TASK STATEMENT
Each line of the material must be repeated precisely, with the pictures left out.

DATASET CONTENT
• • • • •

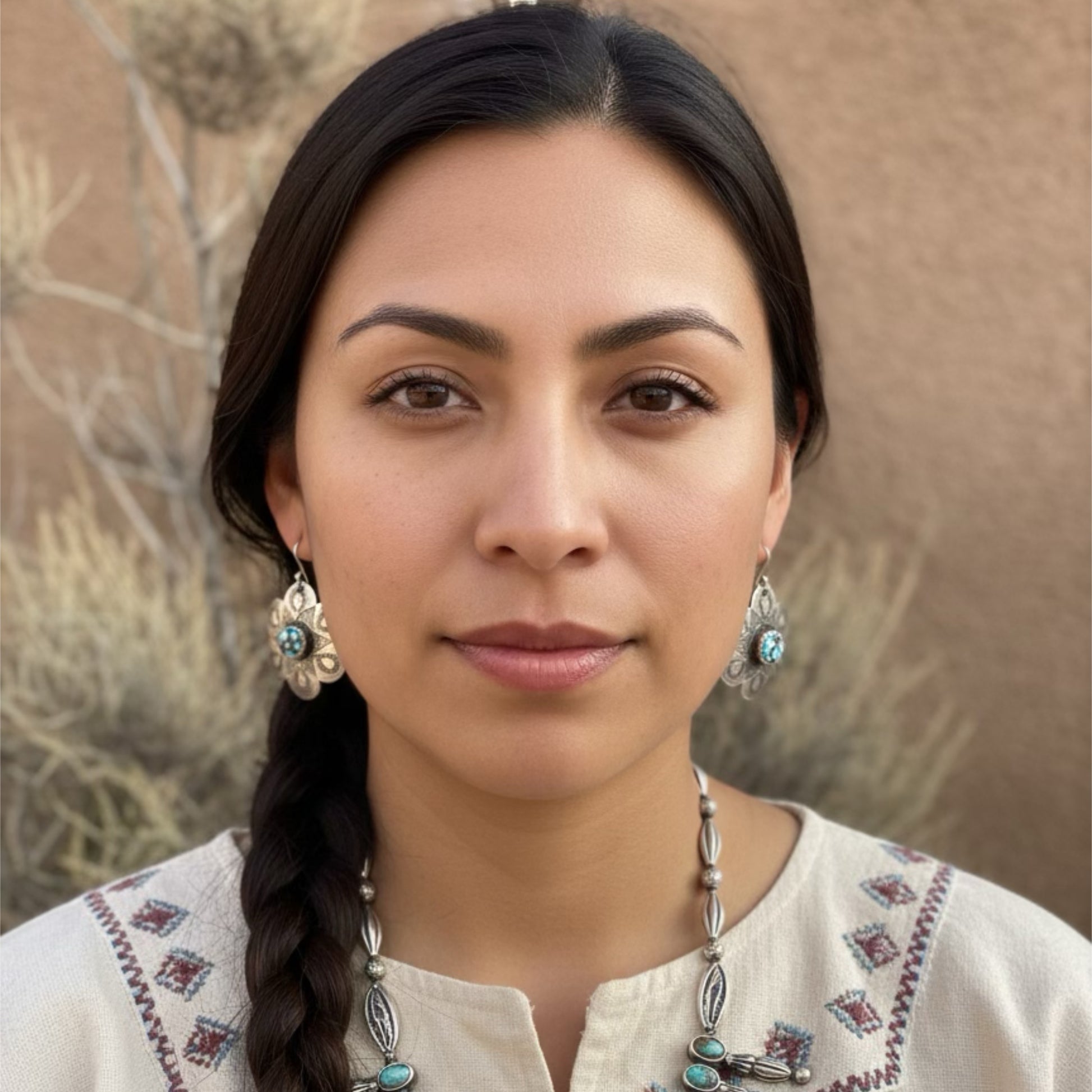 Beautiful Stamped EGYPTIAN TURQUOISE Sterling Flower Earrings
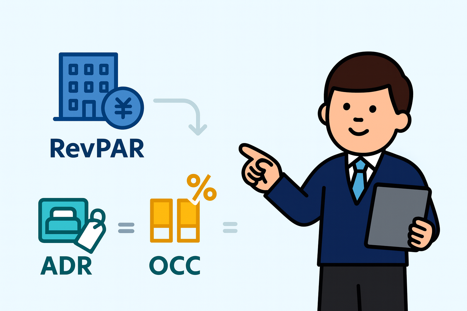 RevPARは稼働率(OCC)と平均単価(ADR)を掛け合わせた総合指標で、ホテル全体の稼ぐ力を示します。
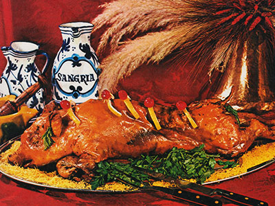 Se presenta en la misma cazuela o en una gran fuente; se le coloca en la boca un tomate, una manzana o una zanahoria.

• • • • •

RESULT OF THIS TASK
 Beautiful Stamped EGYPTIAN TURQUOISE Sterling Flower Earrings
 RevPARは稼働率(OCC)と平均単価(ADR)を掛け合わせた総合指標で、ホテル全体の稼ぐ力を示します。
 Se presenta en la misma cazuela o en una gran fuente; se le coloca en la boca un tomate, una manzana o una zanahoria.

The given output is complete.